Thoughts

I dream of an odd desire that is common to human excistance. Presumably, you probably are asking, “ Tiffany, what are you talking about?”

I will explain.

Today I played the Sims game all day until I melted my brain into the idea of children. Promptly I made sure to have one after another to resurrect the desire of having my own family. I drill myself vigorously everyday to deliver the foundation safe enough to deliver children. But why is my first thought about the natural baring of a child before a career to safe guard my lifestyle? I think the idea of giving life to someone makes me feel significantly worth the dead in and out feeling. Everyday your compacted day turns into weeks which in turn seems debilitating. I seem to come home ready for the weekend, but when the weekend is here I think about work.It is a never ending roller coaster which in turn makes you feel like you are doing an amputation of the brain.

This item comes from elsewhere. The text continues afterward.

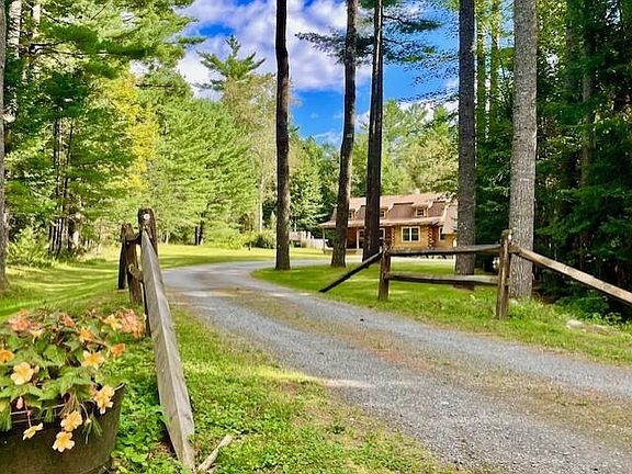 7+/- Acres Nestled at the end of a private, dead-end road, this 4 bedroom 2 bath, Real Log (out of Hartland Vt.) home offers a serene woodland retreat. First floor features a convenient primary bedroom and full bath, while the inviting wood fireplace adds visual charm and warmth to the living room with vaulted ceiling which looks to the private yard with deck, patio and gardens. A brand-new above-ground pool provides the perfect summer escape, and the covered porch, back deck, patio, and fire-pit create ideal spots for outdoor relaxation. Guests will come and not want to leave! After a day outdoors in the fresh air gathered on the deck and around the fire the evening will bring all smiles and stories of the day! If you are a hobbyist you'll love the direct entry 3-bay heated garage which also has a large versatile space upstairs, perfect for home office, hobby, exercise or in-law suite. Separate workshop/shed for all your tools and equipment too! The paved driveway and perennial gardens enhance the property's curb appeal. Direct access to the Coppermine Trails offers endless outdoor adventures, whether you're into hiking, cross-country skiing, or mountain biking. The full basement presents an opportunity for additional living space, and the home’s proximity to town ensures convenience without sacrificing tranquility. Just minutes to Franconia Notch and Cannon Mtn. Excellent schools, small welcoming community with like-minded people passionate about where they live.

But, you may ask, are children ever going to make that better? My answer is easy; it will not.
I tell myself this, but yet in the middle of the night I ponder how it will feel to tuck my little one in and coo sweetly at them sleeping soundly. I dream of their first day at school or the bus ride to their first field trip. I had an extraordinarily childhood. I went to Disney land several times, my parents took great care of me, and I only had to worry about trivial kid problems. I want to bring that to my child. I want my child to feel loved and wanted like I did. I pray for a fragment of the childhood I had for my kids and for them to be happy and healthy. But, I guess I will say farewell to the readers of my inner turmoils. I hope you all sleep well.